RECORDS SUPPLIED:
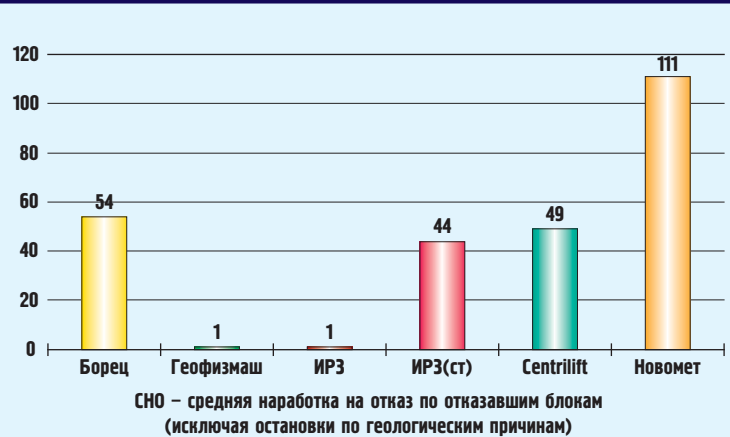
Текущая наработка ТМС по заводам-изготовителям

щиты по загрузке и недогрузу не защищают установку от перегрева, защита по ТМС обеспечивает отключение установки.
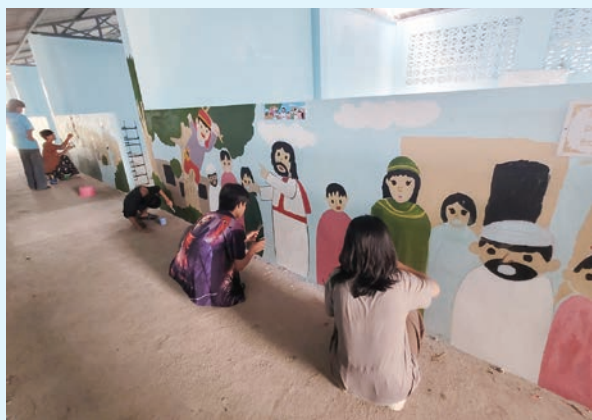
隊員帶領學生繪畫壁畫「撒該快下來」
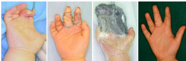
1歳熱傷後瘢痕拘縮の手術(ラップ療法の合併症)

肥厚性瘢痕、傷痕、ケロイド、褥瘡、難治性潰瘍、虚血肢、糖尿病性潰瘍、壊死などの治療を行っている。傷はただくっつけばよいと考えるのは昔、行う治療により、治療経過および残存する傷痕に関係する。形成外科医は傷をきれいに早く治すスペシャリストです。
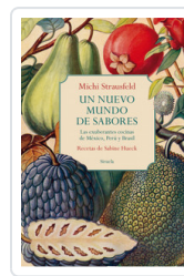
UN NUEVO MUNDO DE SABORES. EXUBERANTES COCINAS MEXICO, PERU STRAUSFELD, MICH/HUECK, SABINE
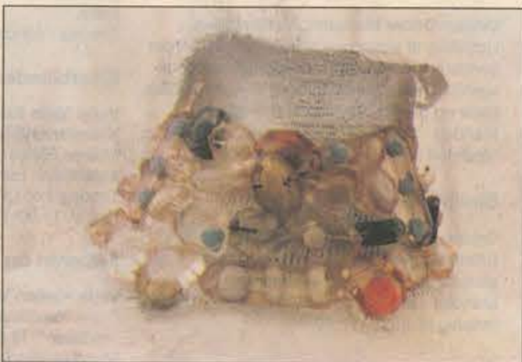
Halskæden, en såkaldt choker, er designet af Carolina Vallejo.
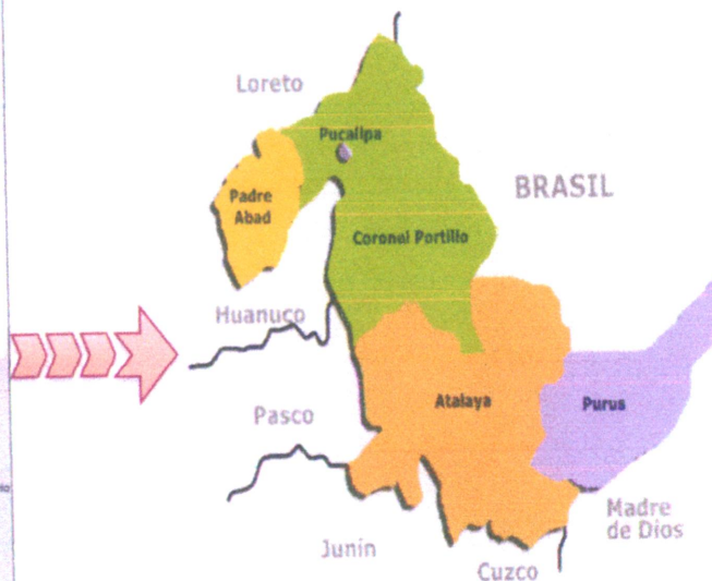
Mapa macro localización del departamento de Ucayali
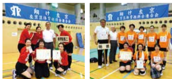
修学院第二体振チーム
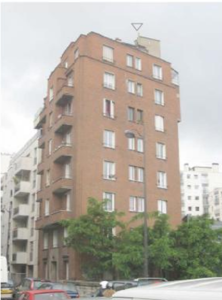
DP 6.1 - Photo du projet
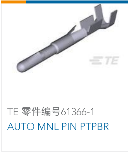
TE 零件编号61366-1 AUTO MNL PIN PTPBR
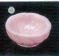
5-589-15 直運 ￥750 陶器ヒワネジリ梅ミニ珍味 (有田焼) 陶 φ52×24 3-1077-15 (93101610)
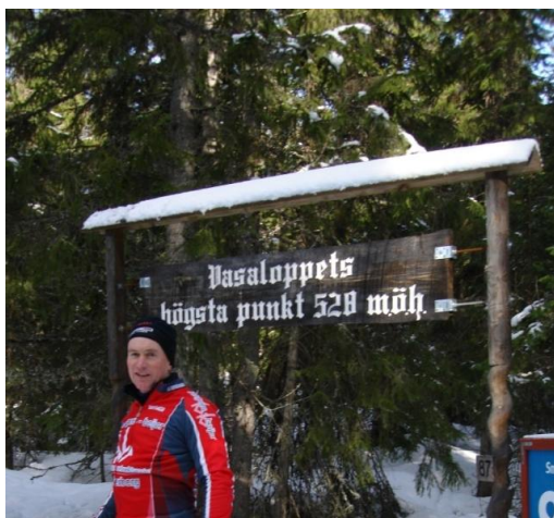
Hoogste punt Vasaloppet

Aan de andere kant van de start zou de zwaarste klim van de Vasaloppet zijn, inderdaad, de beelden die we op TV zagen leken vlak, niets is minder waar een klim van 2 km 15 % Gewoon heel rustig omhoog in de visgraat. Vond zelf dat de ski's niet zoveel grip hadden, René vond het prima.
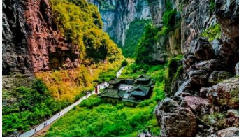
อุทยานแห่งชาติหลุมฟ้า 3 สะพานสวรรค์
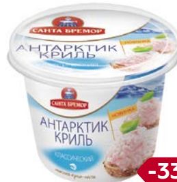
Паста из морепродуктов АНТАРКТИК КРИЛЬ, Классическая, 150г
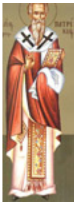
Άγιος Πατρίκιος επίσκοπος Προύσας
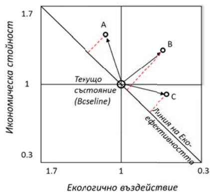
Фиг. 3. Графична визуализация на екоефективността на сравняваните алтернативи [20]
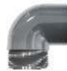
63 mm PVC-Winkel für Direktanschluß Strömerplatte an 63 mm Klebeschlauch
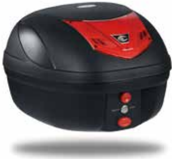
VIVO S28/ 28L CC1001 ヴィボ S28

軽量かつコンパクトながら、使いやすいクーケースの基本性能を兼ね備えたスタンダードモデル。 インナーライナーとベースプレート及び汎用取り付け部品一式とカギ2本が付属。
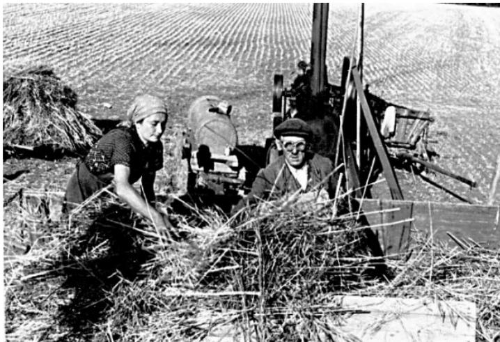
Mláčení na poli

Pytel vymláceného obilí musel vážit 70 kg, vážilo se na decimálce hned vedle mlátičky a pokud bylo obilí jakž takž vyschlé (mohlo mít maximálně 15% vlhkosti), nakládalo se pomocí rudlíků na valníky a odváželo do výkupního družstva v Berouně. Pokud bylo třeba dosušit, sušilo se nejen v budově sladovny, ale také ve špejcharu horního dvoru.
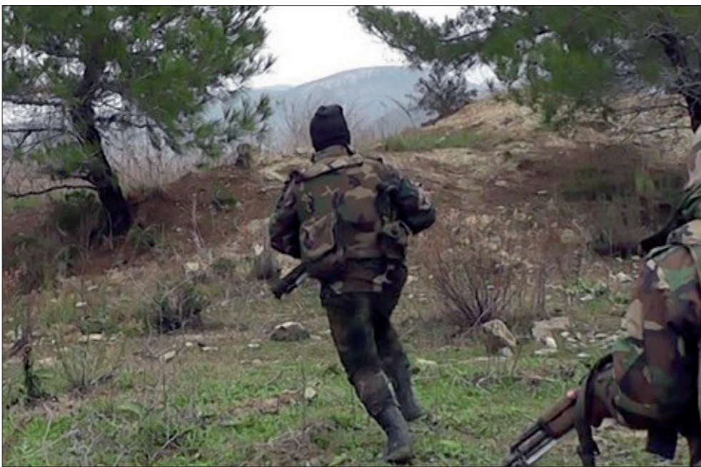
الجيش السوري يواصل التقدم على كل المحاور (النتمة ص6)

التفاهم النووي، وتقارير الوكالة الدولية للطاقة الذرية، وصولاً إلى الإعلان عن التحقق من التزام إيران بموجبها وبدء رفع العقوبات، الذي قالت مصادر أوروبية إنه سيتمّ رسمياً في الثامن والعشرين من كانون الثاني الحالي بعد اكتمال الإجراءات اللازمة لذلك، بينما ينتقل كيري إلى زورخ الأربعة ليلتقي بنظيره الروسي سيرغي لافروف في مراجعة موازية للتقارير حول سورية، ومسار التفاوض المرتقب في جنيف، وعلى جدول الأعمال قضية وفد المعارضة الذي تصرّ موسكو أن يضمّ إضافة إلى الائتلاف الذي شارك في مؤتمر الرياض، كلا من قدرتي جميل وهيتم منّا وصالح مسلم، كما تصرّ على استثناء كل من يمثل جماعات تمتّ إلى «جيش الإسلام»، و«أحرار الشام» بصفة، وتقول المعلومات الواردة من مصادر متابعه لتشكيل وفد المعارضة إن واشنطن توافق على ضمّ صالح مسلم كمثل للأكراد، لكنها لا ترى ضرورة لفرض حضور قدرتي جميل وتقرّح استبدال هيتم منّا برئيس هيئة التنسيق الوطنية حسن عبد العظيم.
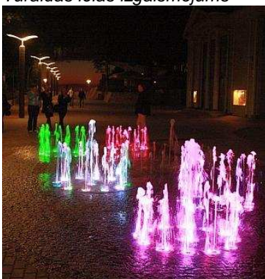
Strūklakas Turaidas ielā
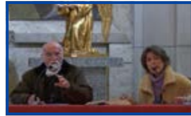
“La paternidad espiritual del sacerdote, con el sacerdote y religioso Jacques Philippe”.
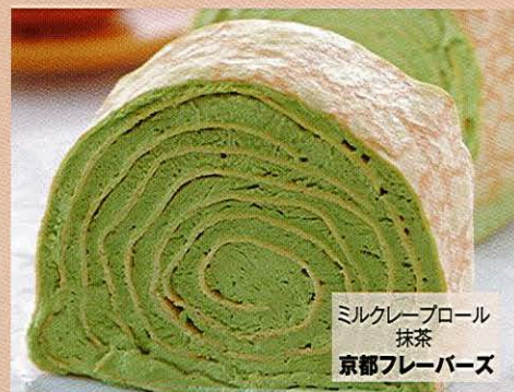
ミルクレープロール 抹茶 京都フレーバーズ
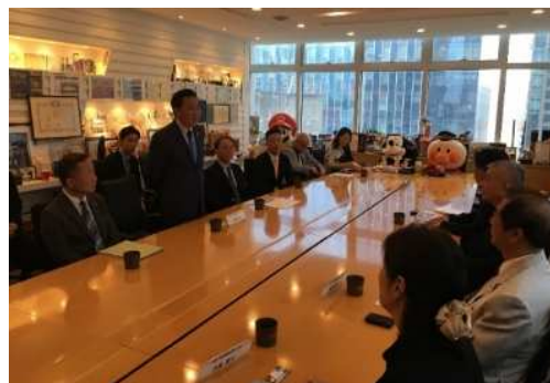
海外の旅行事業者向けのプロモーション
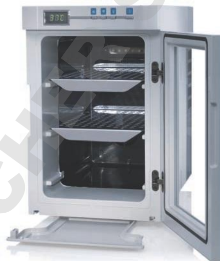
Incubateur microbiologique Heratherm Compact, 18 L
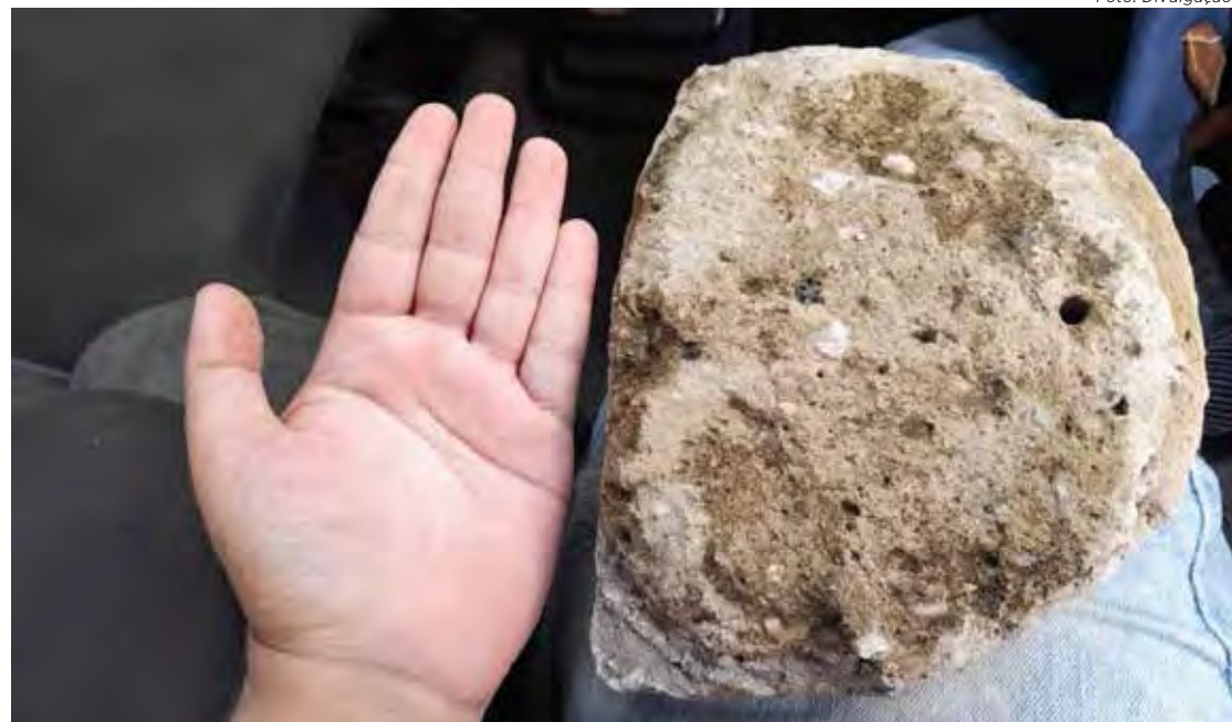
Pedra arremessada pela moradora contra o agente foi coletada como prova

De acordo com ele, equipe de combate à dengue fazia ação de bloqueio no bairro porque foi confirmado caso positivo da doença na

AIM OF THE TASK:
Check every line of the data, and copy the ones that contain "Vasaloppet".

RESPONSE TO THE EXERCISE:
Hoogste punt Vasaloppet
Aan de andere kant van de start zou de zwaarste klim van de Vasaloppet zijn, inderdaad, de beelden die we op TV zagen leken vlak, niets is minder waar een klim van 2 km 15 % Gewoon heel rustig omhoog in de visgraat. Vond zelf dat de ski's niet zoveel grip hadden, René vond het prima.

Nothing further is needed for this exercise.